[Data excerpts]
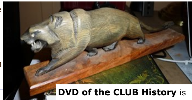
DVD of the CLUB History is available for sale at the Canteen.
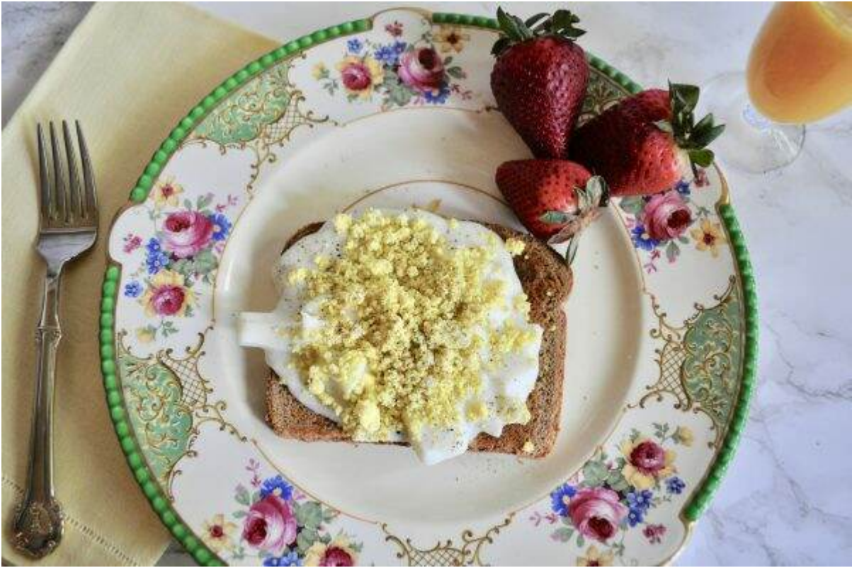
Benjamin made mimosas with fresh squeezed orange juice and Prosecco.
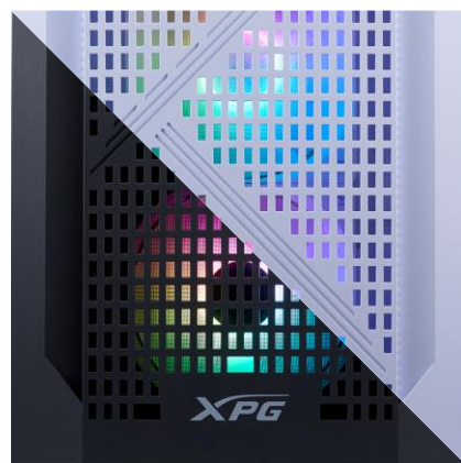
Grid-style Perforated Front Panel
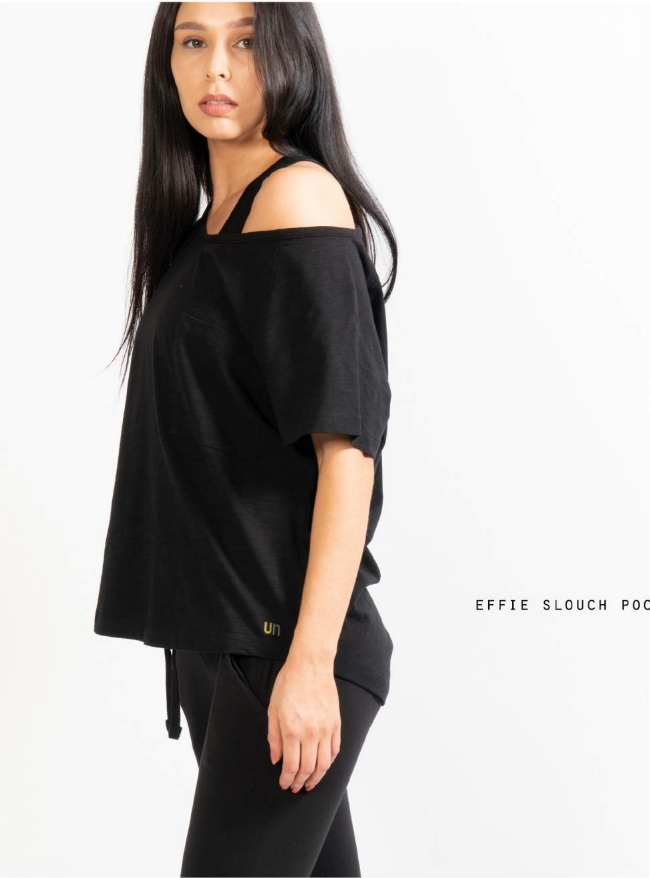
EFFIE SLOUCH POCKET T
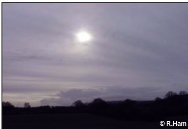
Figure 22. Altostratus translucidus .
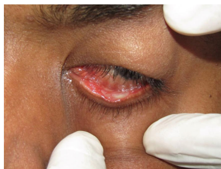
FIGURE 3: Ligneous conjunctivitis.

with multicystic hydrocephalus which was drained by ventriculoperitoneal shunt. Since an early age, he also presented with profuse granulomatous growth in conjunctiva in both eyes. Corneal involvement and chronic obstruction led to the progressive blindness of the left eye by the age of 15. Histopathological evaluations led to a diagnosis of ligneous conjunctivitis.
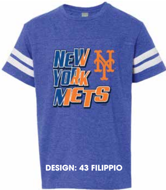
DESIGN: 43 FILIPPIO
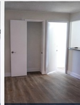
Additional Office Space
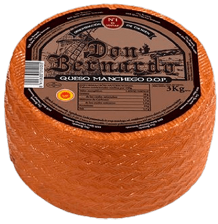
MANCHEGO SEMICURADO DON BERNARDO
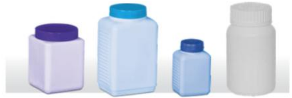
ULTRA TABLET JARS
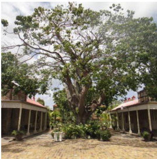
Historic Bridgetown and its Garrison

Barbados was seeking to attract a different kind of visitor to the Island, repositioning it to attract more upscale tourism. The Minister of Community Development and Culture reported that inscription of Historic Bridgetown and its Garrison on UNESCO's World Heritage List would provide a 'critical window of opportunity for the island to do so'.
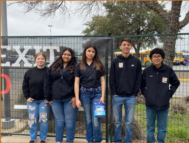
PEARSALL 4-H CLUB
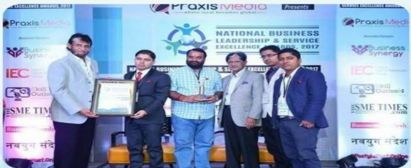
Best Vocational Training Institute in Assam at National Business Leadership & Service Excellence Award 2017
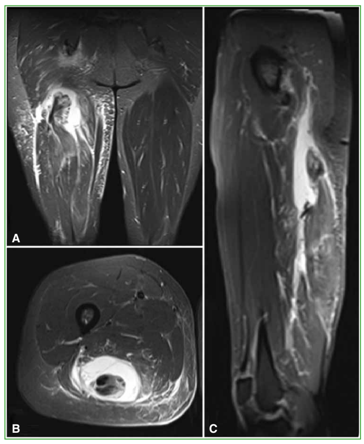
Figure 1. Magnetic resonance imaging of the right thigh. A. Coronal plane, B. axial plane, C. sagittal plane. Tendon injury and retraction.
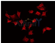
IF/ICC analysis of HepG2 cells, using ATF4 Ab.

IMPORTANT: For western blot, incubate membrane with diluted primary Ab in 5% w/v milk, 1X TBS, 0.1% Tween@20 at 4°C with gentle shaking, overnight.
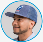
Postal Blue Baseball Cap 4
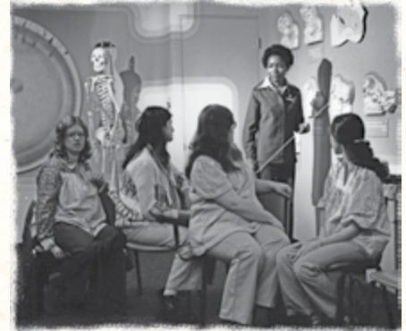
National WIC program began in 1974
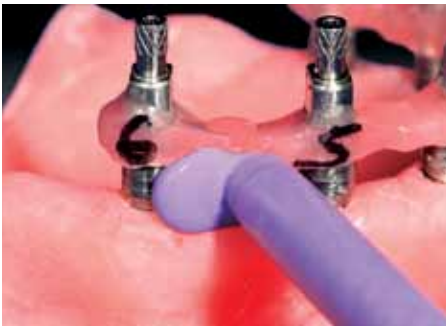
Fig. 6 Inject impression material under the jig
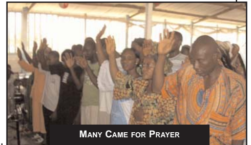
MANY CAME FOR PRAYER
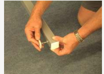
Screw each leveler all the way in. Do not over tighten.
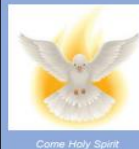
Come Holy Spirit

"My Soul Magnifies the Lord, My Spirit Rejoices in God My Saviour" – Luke 1:46-47
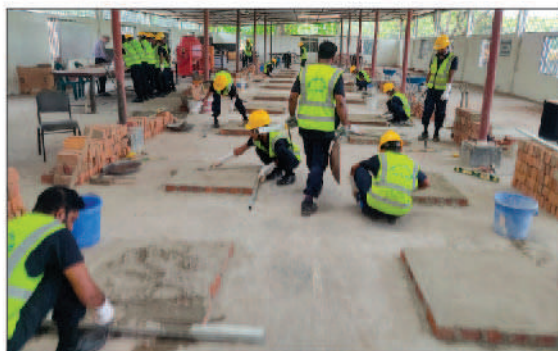
Participants of Masonry training are seen to practice brick work laying to develop skill among themselves at CSTC Gazipur.
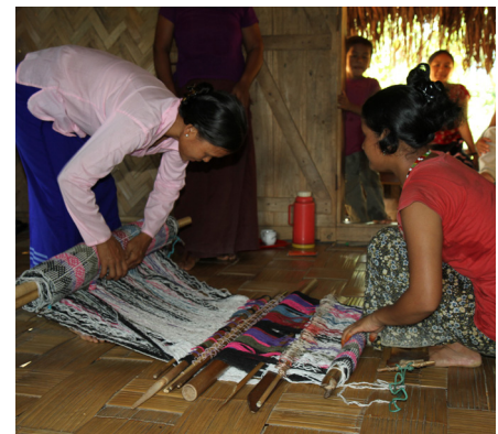
Women support local ministers with the small income they receive from handloom weaving.
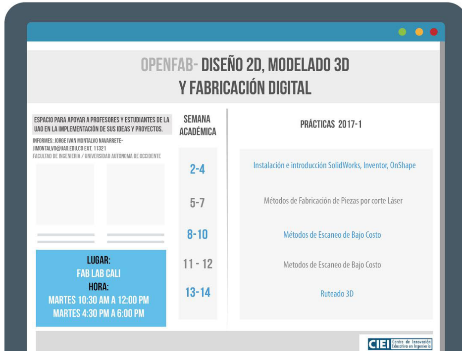
Figure 5. OpenFab Advertising 2017

space, and in addition the development of use guides and examples that later serve as tutorials to share to those who could not attend. Currently, these generated reference guides are a collaborative document that is improving after each iteration for a better understanding, and are available to all to learn about digital manufacturing. Figure 5 shows the advertising of space for the entire community of Cali.
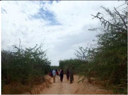
2500M before rehabilitation
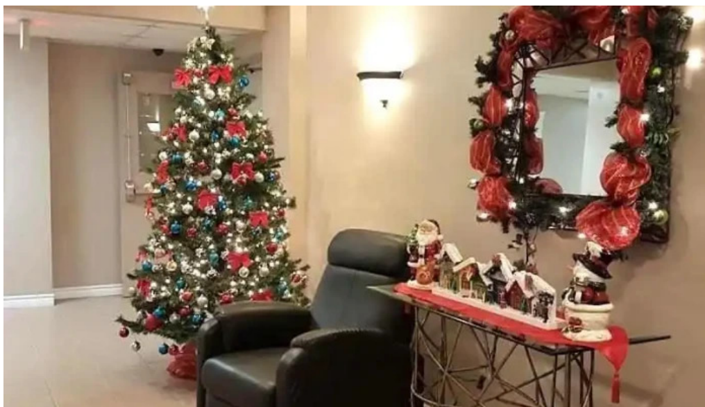
Amherst and district residential services society amherst

*Required action*. Give again, exactly as written above, each line from the one that has "IMPORTANT: For western" to the one that has "Come Holy Spirit", both included; omit the pictures.

*Final answer*.
IMPORTANT: For western blot, incubate membrane with diluted primary Ab in 5% w/v milk, 1X TBS, 0.1% Tween@20 at 4°C with gentle shaking, overnight.
Postal Blue Baseball Cap 4
National WIC program began in 1974
Fig. 6 Inject impression material under the jig
MANY CAME FOR PRAYER
Screw each leveler all the way in. Do not over tighten.
Come Holy Spirit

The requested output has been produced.